08 April 2006

April showers, etc.

"March comes in like a lion, and out like a lamb."

"April showers bring May flowers."

Both of those sayings seem to be anonymous and English, but fit our Northeast weather pattern pretty much exactly. It's always a surprise to me how blustery March is, and how cold and rainy April is -- once winter is over, it feels wrong to have anything other than warm sunny days, and yet, every year, there's the wind, there's the rain.

Central Park was nearly empty today because of the pouring rain; it's worth getting soggy feet to have the place nearly to myself. The cherry and pear trees are in bloom; crocuses and daffodils are popping up here and there. There are more daffodils than ever. The Dutch gave New York City millions of daffodils after 9/11, and have pledged to give us 500,000 new bulbs a year, as long as we have the volunteers to plant them. They're so nice, those Dutch. I wonder what we would give them if Amsterdam were attacked.

Another of those English-sounding truisms is that the robin is the first sign of Spring. There is an anonymous English poem about Little Robin Redbreast which sometimes gets confused with the American harbinger of Spring, but the English and American robins aren't the same thing, and that poem, if it's about anything other than the way the words sound together, is about the natural animosity between cats and birds.

There were dozens of robins hopping on the grass in the park today. The rain will have brought some juicy worms up from the earth, and those robins will be all over them. It's Spring alright.

Only here's the thing: the robins never leave. They are in the park all year 'round. Maybe not in the same numbers, but even in the middle of January you can find them without looking very hard. Seeing one no longer means it's Spring.

Between the rapacious hurricane seasons of the last two years and the melting polar caps in the Arctic global warming is in the news a lot these days. Maybe we've finally woken up to it, a little more than a little late. Maybe there's just no good celebrity gossip to fill up the news broadcasts right now.
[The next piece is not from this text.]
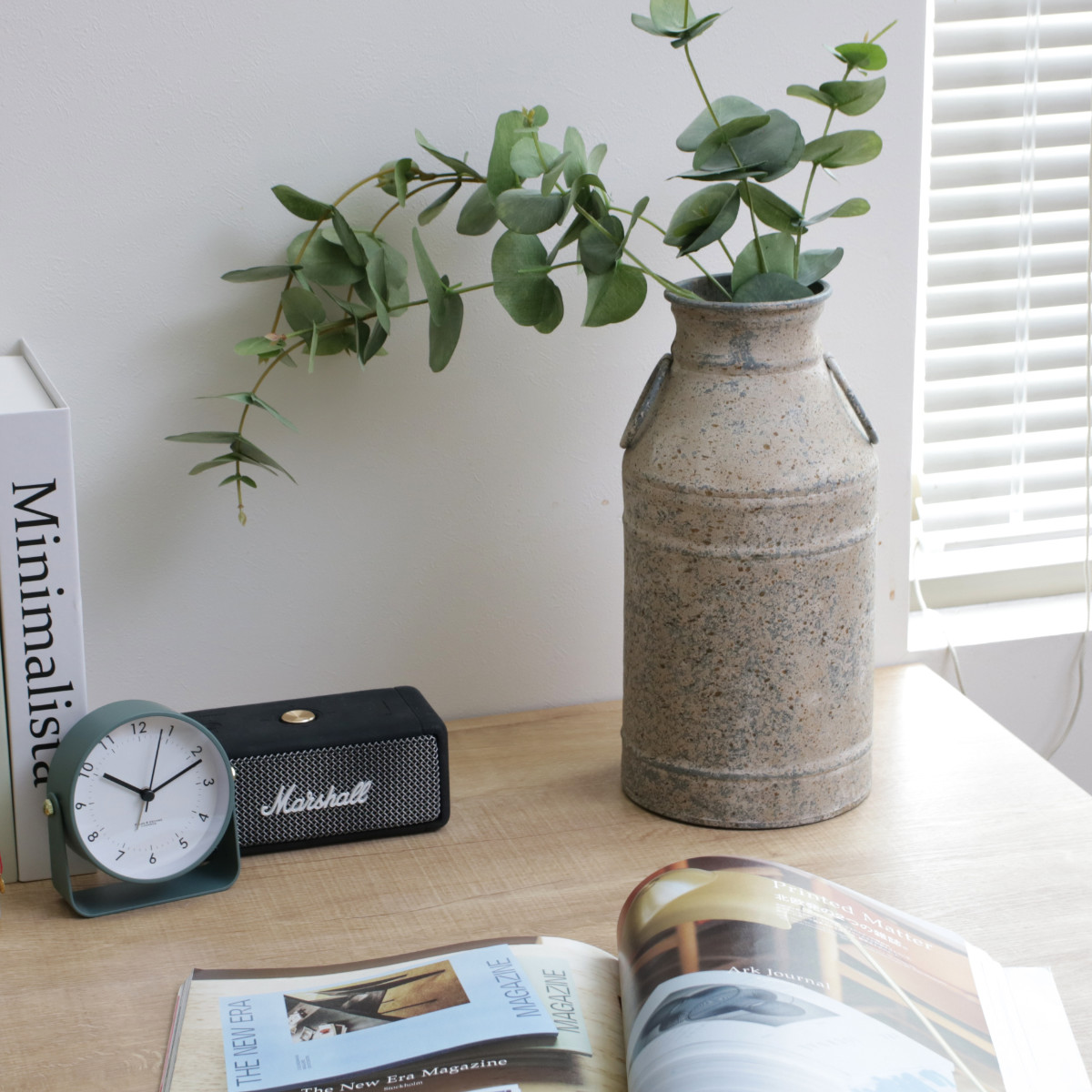 机の上に乗せても丁度良い大きさのミルクカンなので、造花や大き目のスワッグをざっくり入れて飾ると、一気にお部屋がセンスアップします。

Maybe the robin no longer has to fly south for the winter because it's warm enough here. The ducks certainly stay put all year (though it's debatable whether they ever migrated; I think JD Salinger was taking some poetic license with them).


Blogger tammara said...

I love daffodils. Every fall I mean to plant some bulbs, and every fall I am too lazy to get out there and do it! Then April comes, and I berate myself (again) for not having done it, because I have daffodil envy of several neighbors.